--- SOURCE MATERIAL ---

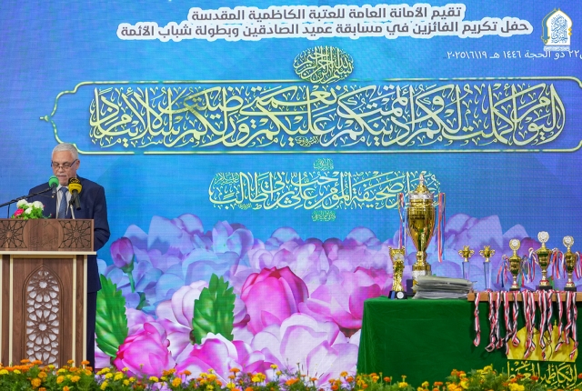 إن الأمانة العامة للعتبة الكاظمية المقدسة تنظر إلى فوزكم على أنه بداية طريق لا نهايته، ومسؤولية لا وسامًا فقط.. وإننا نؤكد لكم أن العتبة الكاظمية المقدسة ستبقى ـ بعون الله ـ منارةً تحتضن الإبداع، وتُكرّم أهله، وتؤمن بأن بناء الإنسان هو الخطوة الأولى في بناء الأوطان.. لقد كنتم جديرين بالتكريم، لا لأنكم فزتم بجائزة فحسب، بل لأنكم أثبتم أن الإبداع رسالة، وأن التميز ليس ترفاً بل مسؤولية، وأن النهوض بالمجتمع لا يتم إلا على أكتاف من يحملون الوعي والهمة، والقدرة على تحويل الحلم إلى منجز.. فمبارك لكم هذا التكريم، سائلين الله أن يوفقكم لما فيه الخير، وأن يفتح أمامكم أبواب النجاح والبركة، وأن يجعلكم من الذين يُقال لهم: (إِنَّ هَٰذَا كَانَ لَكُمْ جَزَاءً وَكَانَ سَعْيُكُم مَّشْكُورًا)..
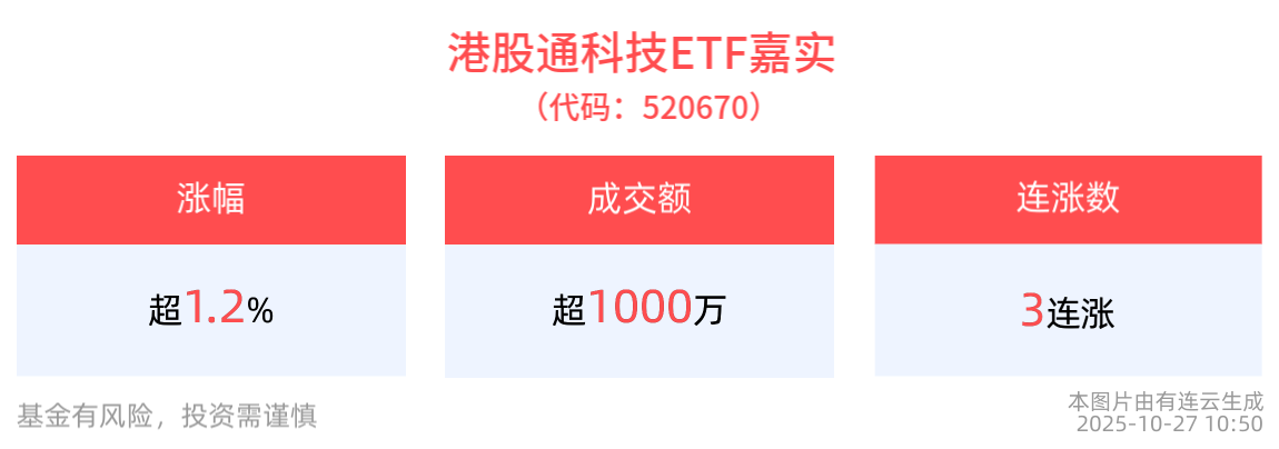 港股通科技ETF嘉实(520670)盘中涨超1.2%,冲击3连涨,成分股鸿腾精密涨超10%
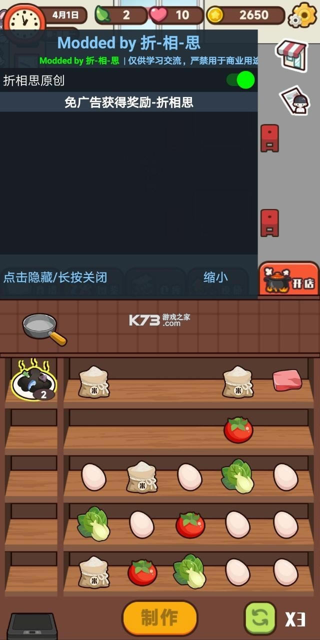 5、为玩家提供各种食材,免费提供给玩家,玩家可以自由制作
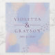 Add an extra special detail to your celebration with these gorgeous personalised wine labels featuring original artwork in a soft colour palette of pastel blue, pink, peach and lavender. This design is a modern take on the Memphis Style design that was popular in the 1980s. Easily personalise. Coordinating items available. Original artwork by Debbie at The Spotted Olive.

---

Find the line with "5、为玩家提供各种食材,免费提供给玩家,玩家可以自由制作" in the listing above, then write it out along with every later line through the last one, exactly, omitting pictures.

 5、为玩家提供各种食材,免费提供给玩家,玩家可以自由制作
 Add an extra special detail to your celebration with these gorgeous personalised wine labels featuring original artwork in a soft colour palette of pastel blue, pink, peach and lavender. This design is a modern take on the Memphis Style design that was popular in the 1980s. Easily personalise. Coordinating items available. Original artwork by Debbie at The Spotted Olive.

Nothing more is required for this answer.